Note: The numbers can be arbitrarily large and are non-negative.

Solution:

　　I just did a digit-by-digit multiplication. There seemed to be a very complicated O(n * log(n)) solution, using Fast Fourier Transformation.

　　Here is the link to that solution, if you are eager to dip into it: http://hi.baidu.com/aekdycoin/item/0096b386bfadfd2e100ef3dc

　　Also there is an exercise problem on "Introduction to Algorithms", I'll paste my O(n * log(n)) solution here when I understand how it works (^_^)

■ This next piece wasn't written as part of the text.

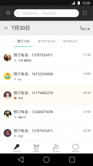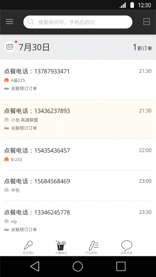 去嗨商家为KTV商户整合互联网入口,提供手机APP、网站、KTV微信公众账号接口等渠道,通过在线预订与支付功能帮助商户实现互联网入口的O2O(Online to Offline)转化。在线点单功能开启了用户点单与后厨管理的信息通道,帮助前厅缓解服务压力,改善商家运营效率,增强服务体验。预订管理: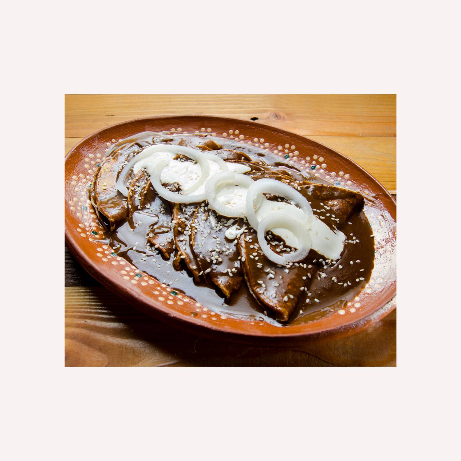 Bolillo,totopos de maiz, salsa verde, cebolla, queso y crema .

　　Time complexity is O(n^2), where n is the length of the array. Space complexity is O(n), since storing the array requires O(n) space.

Accepted code:

// 1CE, 1AC, nice performance
class Solution {
public:
    string multiply(string num1, string num2) {
        // IMPORTANT: Please reset any member data you declared, as
        // the same Solution instance will be reused for each test case.
        if(num1 == "0" || num2 == "0"){
            return "0";
        }
        
        int *a1, *a2, *a3;
        int max_len, n;
        char *buf;

        max_len = num1.length() + num2.length() + 5;
        a1 = new int[max_len];
        a2 = new int[max_len];
        a3 = new int[max_len];
        buf = new char[max_len];
        // 1CE here, declaration for $j missing
        int i, j;
        
        for(i = 0; i < max_len; ++i){
            a1[i] = a2[i] = a3[i] = 0;
            buf[i] = 0;
        }
        
        n = num1.length();
        for(i = 0; i <= n - 1; ++i){
            a1[n - 1 - i] = num1[i] - '0';
        }
        
        n = num2.length();
        for(i = 0; i <= n - 1; ++i){
            a2[n - 1 - i] = num2[i] - '0';
        }
        
        for(i = 0; i < max_len; ++i){
            if(a1[i] == 0){
                continue;
            }
            for(j = 0; i + j < max_len; ++j){
                a3[i + j] += a1[i] * a2[j];
            }
        }
        
        for(i = 0; i < max_len - 1; ++i){
            a3[i + 1] += a3[i] / 10;
            a3[i] %= 10;
        }
        a3[max_len - 1] %= 10;
        i = max_len - 1;
        while(i >=0 && a3[i] == 0){
            --i;
        }
        
        if(i < 0){
            sprintf(buf, "0");
        }else{
            j = 0;
            while(i >= 0){
                buf[j++] = a3[i--] + '0';
            }
        }
        
        string res = string(buf);
        
        delete[] a1;
        delete[] a2;
        delete[] a3;
        delete[] buf;
        return res;
    }
};